The first reason for setting aside the verdict is, that there was a special agreement which ought to have been declared on. This objection cannot avail the defendant, because the written contract produced contained nothing more than what the law would imply. The right of action rests upon the payment of money for the use of the defendant. The law raises a promise, and the plaintiff may make use of his written contract or not, as he pleases. If there is any thing in the written promise to contradict the implication of law, the defendant may show it.
Another objection to the verdict arises out of the rejection of the deposition of Thomas Bryant, and we are of opinion, that his testimony is admissible. He is no party to the suit, because the writ was not served upon him.
In regard to the other point, interest is to be allowed upon money, paid at t{ie request and to the use of another, from the time of the payment. The questions respecting interest have arisen in cases of money had and received.
New trial granted.
See Linningdale v. Livingston, 10 Johns. R. 36; M'Williams v. Willis, 1 Wash. (Virginia) R. 202; Goodrich v. Lafflin, ante, 57; Thurston v. Percival, post, 415.

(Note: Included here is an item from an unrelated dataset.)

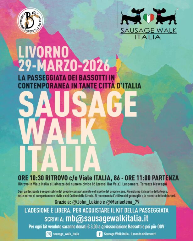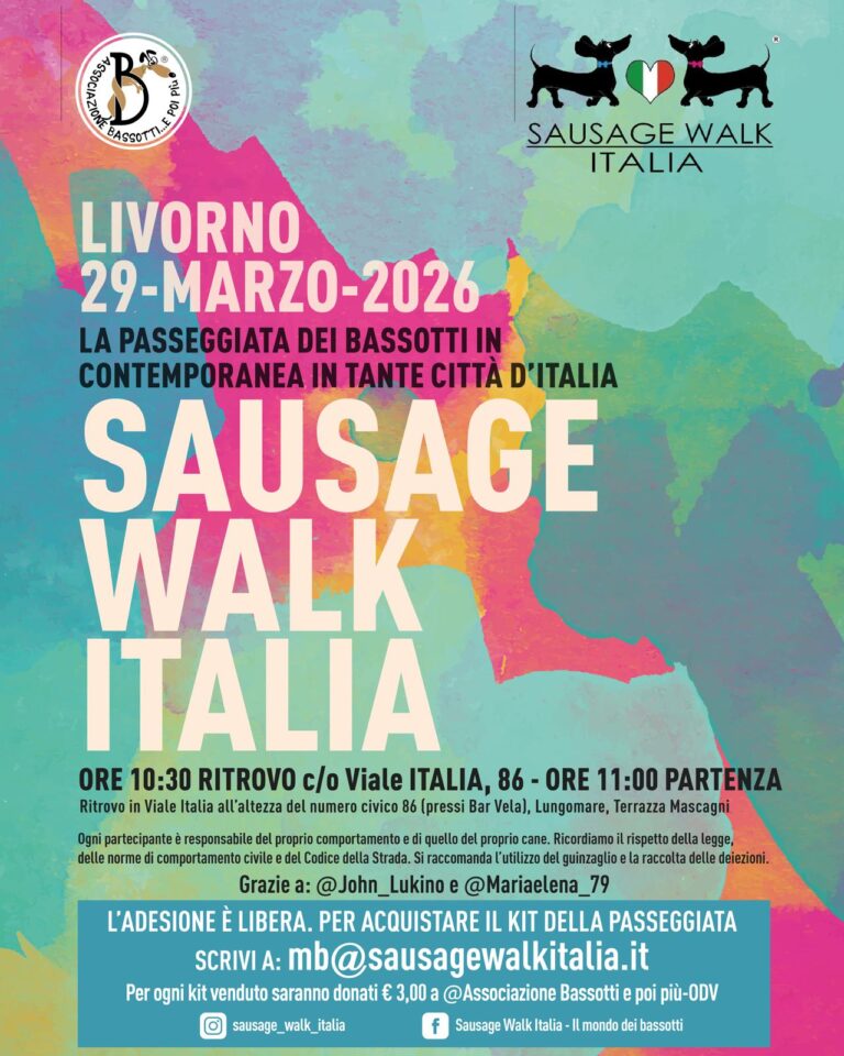 Domenica 29 marzo Livorno ospiterà per la prima volta la Sausage Walk Italia, la passeggiata solidale dedicata ai bassotti e ai loro accompagnatori in programma in contemporanea in oltre 35 città italiane. L’iniziativa, arrivata alla ottava edizione, è diventata negli anni un appuntamento nazionale molto partecipato da famiglie e appassionati di animali. Una mattinata all’aria aperta che unisce socialità, amore per i cani e attenzione alla solidarietà. Il ritrovo dei partecipanti è fissato alle 10.30 sul lungomare, nei prati antistanti il monumento al Marinaio, da dove partirà una passeggiata collettiva sino alla Terrazza Mascagni. Il percorso sarà semplice e accessibile, pensato per consentire a tutti di partecipare insieme ai propri nanetti, ma saranno ben graditi anche cani di altre razze. La Sausage Walk sostiene “Bassotti… e poi più Odv”, associazione impegnata nel recupero e nella tutela dei bassotti in difficoltà. Parte del ricavato derivante dalla vendita, per chi volesse, del Kit Passeggiata, prenotabile in anticipo e spedito ai partecipanti, sarà destinata alle attività di assistenza e cura dei cani seguiti dall’associazione. La manifestazione, che negli anni ha coinvolto centinaia di partecipanti in tutta Italia, punta a promuovere momenti di incontro tra proprietari di cani, appassionati e cittadini, coniugando una passeggiata in compagnia con una finalità benefica. Per richieste di informazioni basta scrivere a [email protected]. Partecipazione gratuita.

See Purviance v. Dryden, 3 Serg. & R. 402; Le Roy v. Johnson, 2 Peters’s S. C. R. 186. In an action against two partners, one of them, who was returned non inventus by the sheriff, may be sworn to prove the amount of the demand, on the part of the plaintiff; but he cannot be compelled to give evidence. Norman v. Norman, 2 Yeates, 154. See Henderson v Lewis, 9 Serg. & R. 379.
Ward v Johnson, 14 Mass. R. 148; Robertson v. Smith, 18 Johns. R. 459.